The European commission had also investigated the possibility Oracle might prevent access to Java's intellectual property rights, especially to its competitors. But the commission felt that Oracle would gain nothing from such an action as this would actually limit the growth of Java. The company would also be restricted in tampering with Java's intellectual property by the involvement from other technology companies in the Java Community Process (JCP), which helps build and update specifications for Java technology.

Image courtesy James Gosling

In an interview, Robert Shimp, VP for Technology Marketing at Oracle, said “You're going to see business as usual as far as the whole Java business goes. We are very much committed to open, standard computing. So we are going to continue to drive a lot of the open standards and opensource projects. We're also committed to customer investments in the Sun platform. So we're going to invest more than ever in SPARC, in Solaris, in Intel and Linux, too. I think customers will be very pleased with the product roadmap that they see coming out of all this."

Java is one of the computer industry’s best-known brands and the Java platform is one of the industry’s most widely deployed technologies. Oracle has said it plans to accelerate investment in the Java platform for the benefit of customers and the Java community. This move only seems logical as a majority of Oracle’s middleware business is extremely dependant on a healthy Java community. The revenue they would gain from maintaining a solid progressive community far outweighs the revenue they would generate from establishing a hostile ownership over the language.

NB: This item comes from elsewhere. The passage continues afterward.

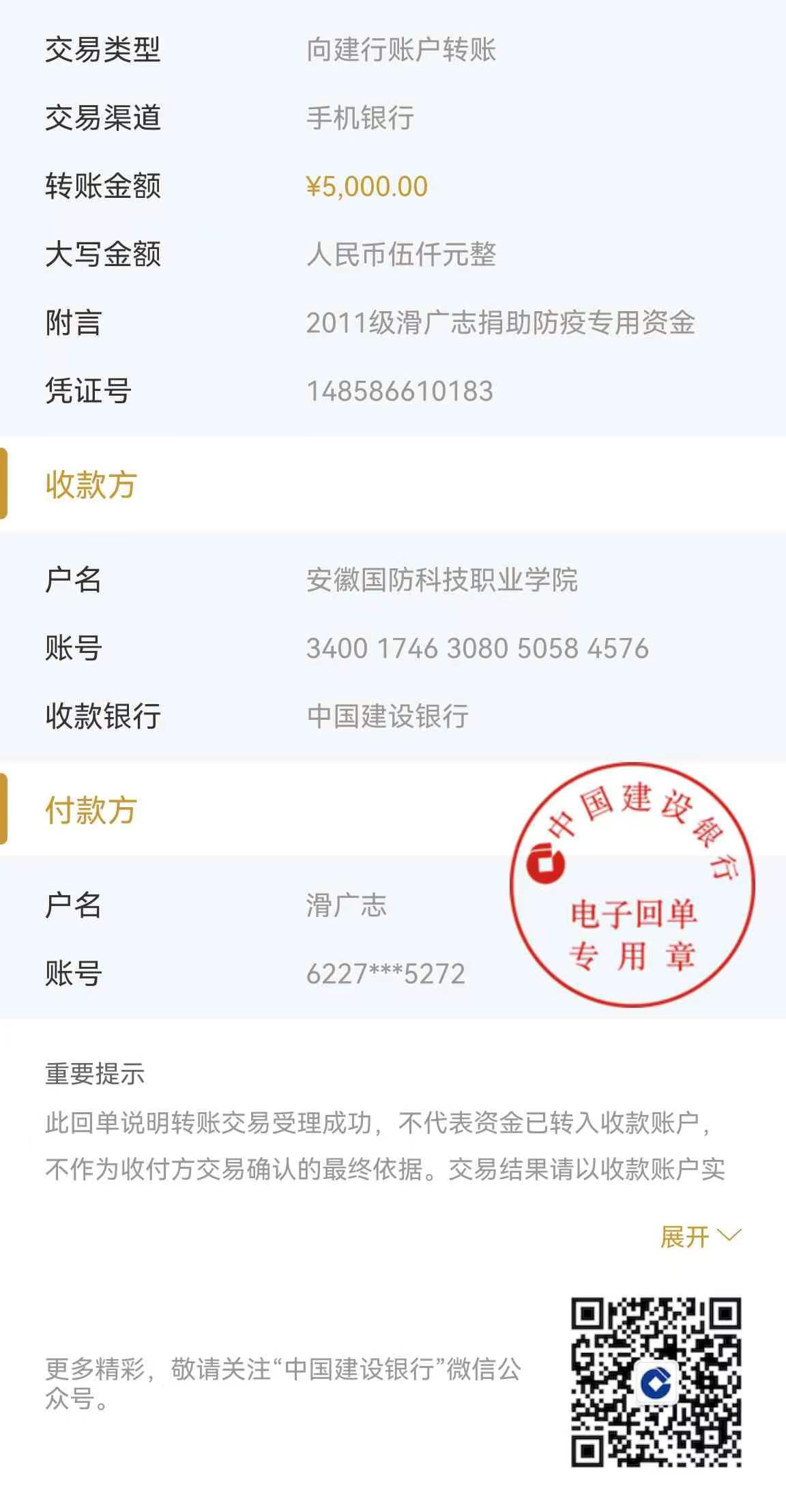 六安突发疫情,牵动着学院毕业学子的心。2014届毕业生滑广志,在得知六安市疫情形式严峻后,第一时间与学院付玉梅老师取得联系,捐款5000元用于母校疫情防控工作。滑广志在校期间学习努力,成绩优异,曾担任管理工程系第七届学生会主席,多次获得奖学金、励志奖学金,现在阜阳市创业,吃水不忘挖井人,懂得感恩母校,回报社会,彰显了经贸学子的责任与担当。
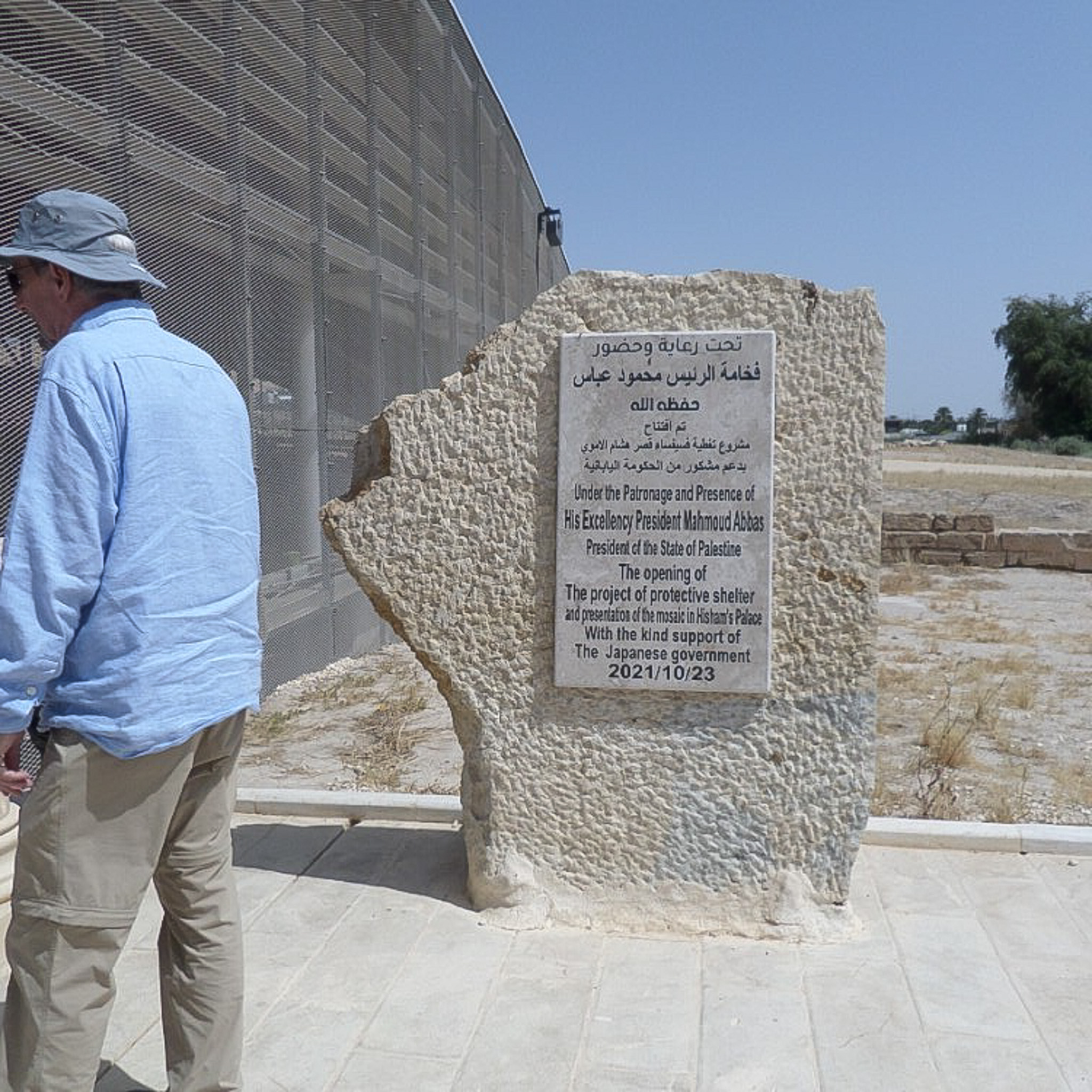 Signage for the covered structure that protects the audience hall mosaics reads: Under the patronage and presence of His Excellency President Mahmoud Abbas, President of the State of Palestine -- The opening of the project of protective shelter and presentation of the mosaic in Hisham's Palace with the kind support of the Japanese Government 2021/10/23.

The JCP has however taken plenty of heat in recent years from open sourcers and individuals who have complained its board is dominated by big companies who control the roadmap and intellectual property that goes into Java. In a blog posting last year, Vishal Sikka, Chief Technology Officer of SAP, had slammed the JCP for being "heavily dominated" by Sun to the detriment of everybody else. This outburst is understandable as Oracle being their chief rival now stands to take full control over the body.

Sun Microsystems played the role of a benevolent dictator when it came to Java. If Oracle intends to strengthen its control then Java, being the open source language that it is, would fork away from the main structure. This is primarily because Java developers do not have the dependency on the brand owner as they did five or ten years ago.

It is not time to hit the panic button just yet, however. For all you know Oracle just bought Sun to help sell its middleware and databases with no sinister intentions of dominating the Java world. At the same time it will not hurt to be a little cautious about the entire deal and pay attention to the finer details as Oracle CEO Larry Ellison lays out the updated strategy for Sun Microsystems.

  "Sun + Oracle = Snorcle ? Where else would Duke need a snorcle, but in an aquarium visiting a glassfish?"